From the data that follows, set down exactly the lines from the one with "Inspired by the" through the one with "Data sources: World", counting both. Pictures stay out.

• INPUT MATERIAL:
····················

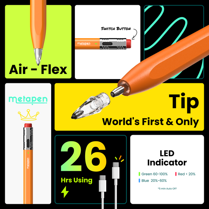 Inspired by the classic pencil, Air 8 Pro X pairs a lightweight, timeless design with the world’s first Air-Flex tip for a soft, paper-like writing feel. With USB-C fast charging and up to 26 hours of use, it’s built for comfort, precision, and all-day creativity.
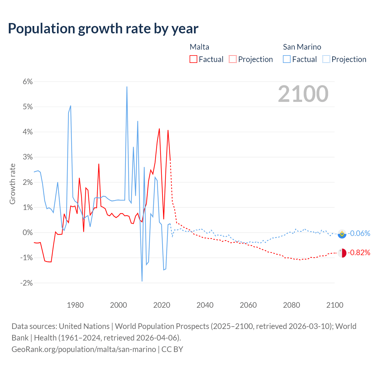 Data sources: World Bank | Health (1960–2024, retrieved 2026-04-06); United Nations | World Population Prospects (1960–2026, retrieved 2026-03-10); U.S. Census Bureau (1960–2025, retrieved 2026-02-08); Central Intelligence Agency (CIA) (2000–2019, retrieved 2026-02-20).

····················

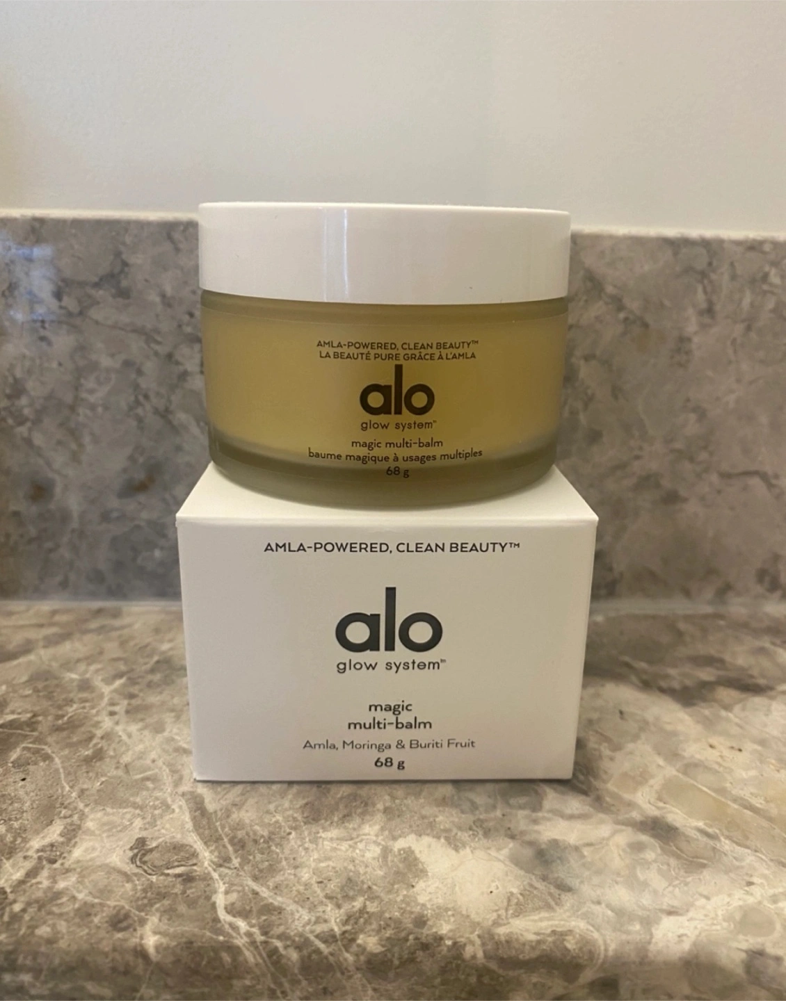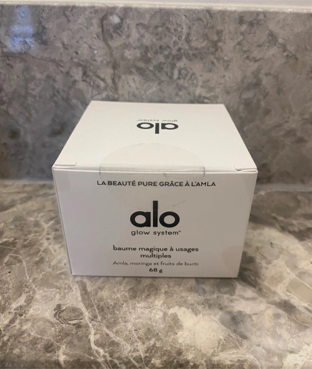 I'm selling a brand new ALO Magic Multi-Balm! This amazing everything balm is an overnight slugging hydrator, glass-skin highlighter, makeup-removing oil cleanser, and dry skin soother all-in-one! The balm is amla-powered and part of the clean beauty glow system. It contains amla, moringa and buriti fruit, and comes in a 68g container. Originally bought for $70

····················

• TASK OUTPUT:
 Inspired by the classic pencil, Air 8 Pro X pairs a lightweight, timeless design with the world’s first Air-Flex tip for a soft, paper-like writing feel. With USB-C fast charging and up to 26 hours of use, it’s built for comfort, precision, and all-day creativity.
 Data sources: World Bank | Health (1960–2024, retrieved 2026-04-06); United Nations | World Population Prospects (1960–2026, retrieved 2026-03-10); U.S. Census Bureau (1960–2025, retrieved 2026-02-08); Central Intelligence Agency (CIA) (2000–2019, retrieved 2026-02-20).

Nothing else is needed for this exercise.